# EXERCISE
Any picture in the data below should be skipped, while every line is repeated exactly.

# EXERCISE DATA
━━━━━━━━━━━━━━━━━━━━

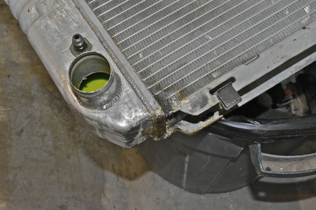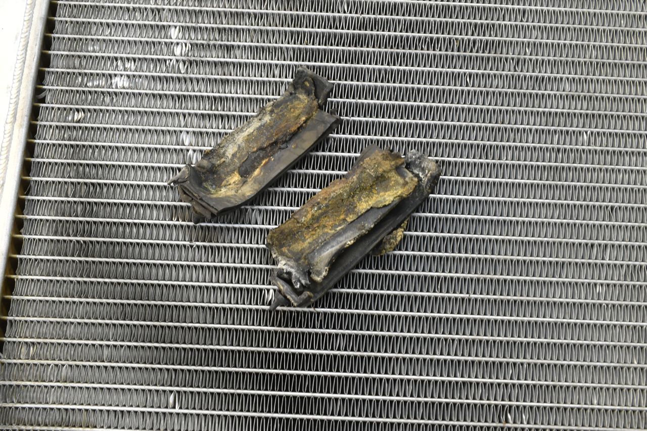 This is the radiator, it's a Griffin but because the radiator is directly connected to the transmission via the steel cooler lines it's electrically connected to the chassis/body. So when a little moisture with minor salts sits between the aluminum radiator and the steel mounts, it acts like a galvanic battery and the aluminum dissolves and the current flows.
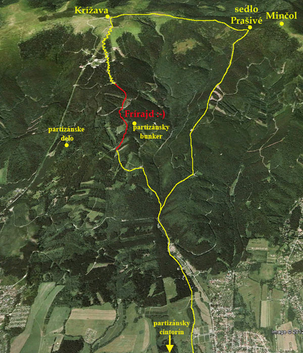Okolo vysielača sa posúvam už zas len po pamäti a chytro po zjazdovke k dolnej stanici lanovky. Ešte kúsok dolu po ceste a už si užívam „skratky“ - až pod partizánske delo sa to dá krásne zlyžovať. Keď už som rozbehnutý, spustím sa až dolu na Stráne po serpentínach a smerom nazad hore si pre zmenu „užívam“ tie najstrmšie spodné skratky. Ruky dostávajú zabrať, keď pásy nestíhajú :-) Ale nejdem rovnakou cestou až hore: na poslednej serpentíne odbočujem k partizánskemu bunkru, ešte trocha nohy potrápiť prešľapávaním prašanu. A obzrieť, či sa môj tajný frírajdový terén „už dá“. Dá, super!!!
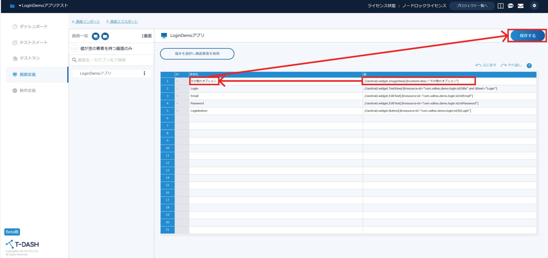 5.8.T-DASHの画面定義を開き、コピーしたXPathを値の欄にぺースト。任意の要素名を入力して、「保存する」ボタンをクリックし登録する。

━━━━━━━━━━━━━━━━━━━━

# ANSWER BELOW
 This is the radiator, it's a Griffin but because the radiator is directly connected to the transmission via the steel cooler lines it's electrically connected to the chassis/body. So when a little moisture with minor salts sits between the aluminum radiator and the steel mounts, it acts like a galvanic battery and the aluminum dissolves and the current flows.
Okolo vysielača sa posúvam už zas len po pamäti a chytro po zjazdovke k dolnej stanici lanovky. Ešte kúsok dolu po ceste a už si užívam „skratky“ - až pod partizánske delo sa to dá krásne zlyžovať. Keď už som rozbehnutý, spustím sa až dolu na Stráne po serpentínach a smerom nazad hore si pre zmenu „užívam“ tie najstrmšie spodné skratky. Ruky dostávajú zabrať, keď pásy nestíhajú :-) Ale nejdem rovnakou cestou až hore: na poslednej serpentíne odbočujem k partizánskemu bunkru, ešte trocha nohy potrápiť prešľapávaním prašanu. A obzrieť, či sa môj tajný frírajdový terén „už dá“. Dá, super!!!
 5.8.T-DASHの画面定義を開き、コピーしたXPathを値の欄にぺースト。任意の要素名を入力して、「保存する」ボタンをクリックし登録する。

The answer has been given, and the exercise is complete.